P/S Retail: Lessons Learned

Cailley Hammel Headshot

Running a pool and spa retail business is really a long, expensive education. Hopefully, you never have to listen to the same lecture twice.

So when you find that your service people have been camouflaging your service trucks at night and going into business for themselves, or your staff has quietly shut down the store to go skiing, all you can do is smile, make a few notes and perhaps a few changes.

Lesson #1) Don’t hire people who like skiing more than working at your store.

Finding great staff members is never easy, but try to filter out people who care more about their hobbies than retail. Jake Boyles, co-owner of Crystal River Spas in Carbondale, Co., learned this early on.

Back in the ’90s when Crystal River Spas opened a second location in Steamboat Springs, a popular ski resort town, the Crystal River team had to work with the available labor pool — and that was filled with ski bums.

photo of a snowboarder“That was a huge problem because any time it was a good ski day, which was most of the winter, the Steamboat Springs location closed for an unofficial ‘powder day,’” Boyles says. “But we were two and a half hours away, and this was in the mid-90s, so it’s not like we had security cameras we could log into and check and see what was happening. We’d have to wait for the business owner next door to us to tell us, ‘You guys know your store’s been closed all week?’”

The lesson? “You’ve got to be careful as to where people’s priorities lie,” Boyles says.
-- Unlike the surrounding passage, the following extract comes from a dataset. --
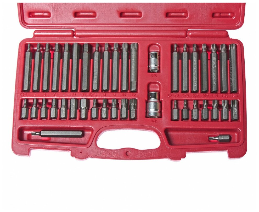 JTC JTC-3933 Набор бит 1/2" 3/8" HEX, TORX, SPLINE 6-ти гранных 2 держателя 42 предмета в кейсе JTC

Lesson #2) Don’t name your company after your product line.

Before he carried Bullfrog Spas, Rick Liskow carried another line of portable spas at his Minnesota stores and named a couple locations after the manufacturer name.

“All my trucks, the clothing on all my employees, down to the gloves and hats and shirts and umbrellas and raincoats and sales bags we took to the shows — we branded that company like you wouldn’t believe,” he says. “And today, we’re not carrying it. That was a major mistake — it took me a year and a half to get all the stuff off my truck and I had to change all my signs on my stores. We’re talking $30-, $40- $50,000 worth of expenses.”

Liskow has since changed the name of those stores to Minnesota Hot Tubs, and cautions fellow dealers against making a similar mistake.

“What if the company has financial problems and goes bankrupt? Then what are you going to call yourself?” he says.

Lesson #3) Watch out for the “moonlight switch.”

Don’t make it too easy for employees to use company assets for personal use. For a while, Crystal River was competing against its own employees in the company’s own trucks.

“We provided trucks to our service people and slapped magnetic signs on the side, like so many people do,” Boyles says. “And frequently, the guys would take the trucks home because they were doing a service call in the neighborhood where they lived or doing a service call first thing in the morning on their way into the office. But what we found was those magnetic signs come off so dang easily, you can be moonlighting just like that! You’ve got company parts on board, and nobody is the wiser when a white truck without a sign pulls in the driveway.”

The company only learned their techs were doing double-duty when a customer called to complain about a repair done off-the-clock — even though it was the customer who convinced the tech to perform the repair. Boyles realized the magnetic signs had the potential to lure even the best technicians to tackle a side-job here and there.

But now, moonlighting isn’t an issue for Crystal River Spas.

“We have full vehicle wraps — you can see them coming from a mile away,” Boyles says with a laugh. “You can see our trucks better than police cars!”